Patterson Fire Prevention Officer Carrie Silveira said this week that during fire inspections of local businesses, she and Patterson firefighters are finding common mistakes.
“The way we do business and the way we live in our houses are two different things,” Silveira said. “Sometimes people just don’t think about this.”
One common problem appears to be the use of extension cords in a business. Leaving them plugged in constantly is a no-no and a fire hazard, she said.
Power strips with a circuit breaker protection can be used in place of the extension cords, she said.
Multiple door locks are also a code violation, she said.
“In a business you need to have an easy way out for people to exit during a fire or emergency,” she said. The doors must not be obstructed with storage or other materials in front of them.
Fire extinguishers need to be checked and tagged by a service professional annually and fire suppression systems at restaurants must be checked every six months, Patterson Fire Division Chief Jeff Gregory said.
Address numbers are a big issue. Firefighters need to be able to find them easily to find where the emergency is, Silveira said.
“The numbers must be clear and visible from the street,” she said.
Other common problems include maintenance of fire alarms and exit signs. Annual and five-year testing reports should be made to the inspector, she said, and exit signs should be visible and lit at all times.

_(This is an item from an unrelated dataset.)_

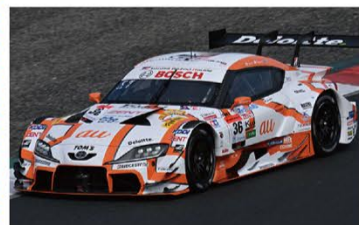
GT500 36号車/ au TOM'S GR Supra

今回、新しい愛車として納車されたトヨタヴェルファイアに、EXキーパープレミアムを施工していただきました。施工していただいた愛車は見える部分だけではなく、ドアを開けたところまで艶々にコーティングされていて新車が新車以上の輝きになり、とても嬉しいです。毎日車での移動が多いですが、愛車が汚れにくくなりいつも綺麗な状態でいられることも助かっています。Rd.4富士大会で今シーズン初表彰台を獲得しました。次は初優勝を目指して大湯選手と立川監督と力を合わせて頑張りますので、ぜひシーズン後半戦も応援をよろしくをお願いします!

Gregory said that while leeway can be provided in other types of cases, fire inspections are not one of them.
“You can’t be flexible from one person to the next,” he said. “We stick by the rules for the safety of the people.”
Gregory said people’s lives are at stake, business owners, the public and firefighters.
Silveira said the department is good about working with folks to get violations corrected and that businesses should expect a visit about once a year to check up. If there are corrections needed the fire inspectors, who could pop in any time for the initial inspection will follow up in about three weeks to see if the issues have been resolved.
“Our business is not to put others out of business or cost them money,” she said. “But we do have a responsibility that when we see something wrong to get it corrected.”